The American Blimp MZ-3A is a blimp owned by the United States Navy from 2006 to 2017. It is a modified American Blimp Corporation A-170 series commercial blimp and given the USN type/model/series (T/M/S) designation MZ-3A and Bureau Number (BuNo) 167811. After delivery to the Navy, the airship began operations as an advanced flying laboratory used to evaluate affordable sensor payloads, the development of new lighter-than-air (LTA) technologies and general flight support for other related research and development/science and technology (R&D/S&T) projects. As of 2023, it was the last airship to be operated by the U. S. military.

==Description==

The airship is propeller-driven by two 180 HP Lycoming engines, providing a maximum cruise speed of just under 50 kn.
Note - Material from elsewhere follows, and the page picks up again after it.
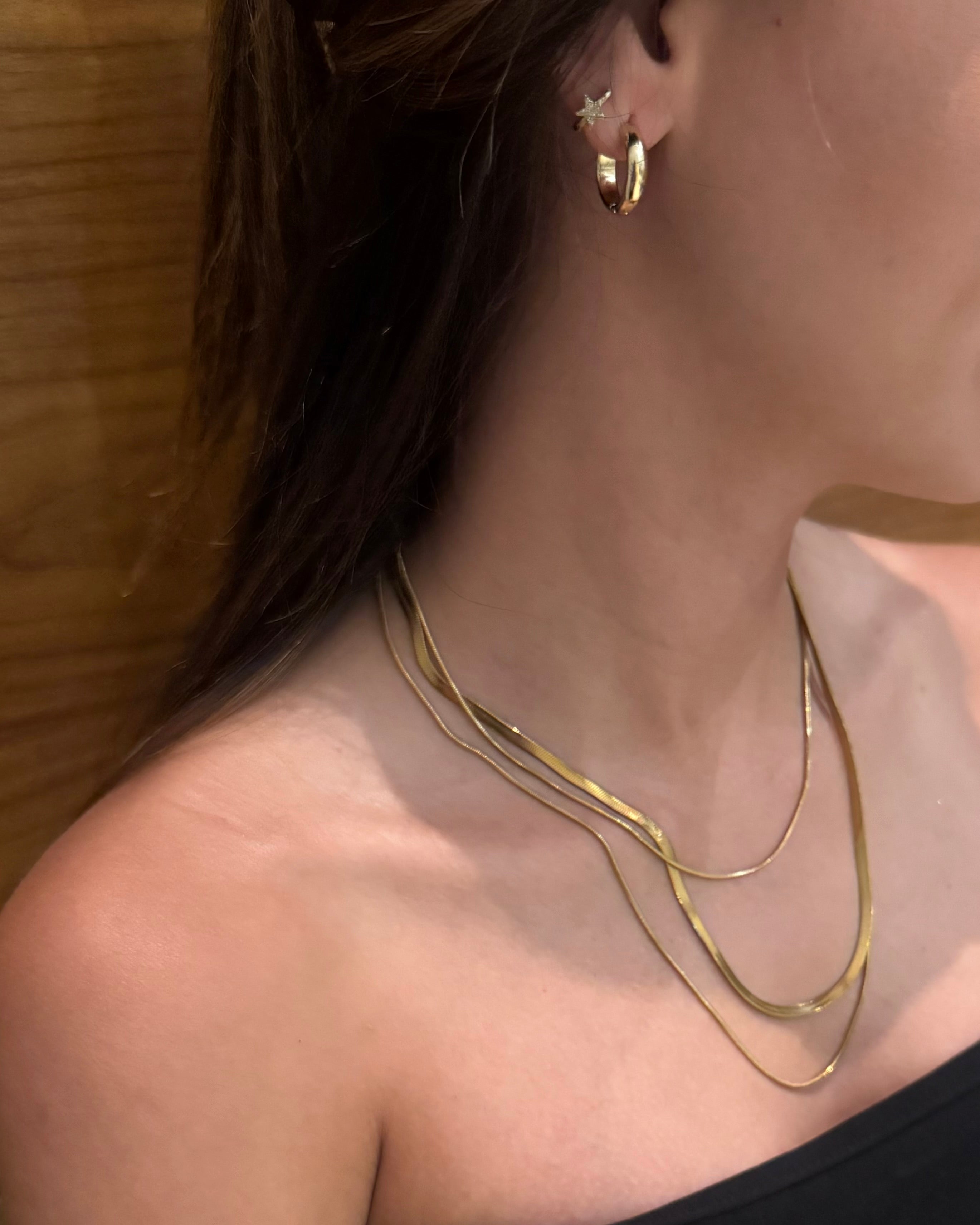 El acero inoxidable es duradero, hipoalergénico y resistente al agua, ideal para uso diario sin perder su brillo. Para cuidar tus accesorios evita el contacto directo con perfumes, cremas o cloro, limpia tus piezas con un paño suave y seco después de usarlas y guárdalas en un lugar seco y separado para evitar rayaduras.

The crewed 178-foot LTA craft has an operational payload capability of up to 2500 lb and can remain aloft and nearly stationary for more than twelve hours, performing various missions in support of technology development for Command, Control, Communications, Computers, Intelligence, Surveillance and Reconnaissance (C4ISR) concepts.

==History==
In May 2006, Air Test and Evaluation Squadron TWENTY, Lighter-than-Air Vehicle (LTAV) Detachment (VX-20 LTAV Det) began regular flight operations from Naval Air Engineering Station Lakehurst located in Lakehurst, New Jersey. In 2007 flight operations were halted and the ship stored in Hangar Six at NAES Lakehurst.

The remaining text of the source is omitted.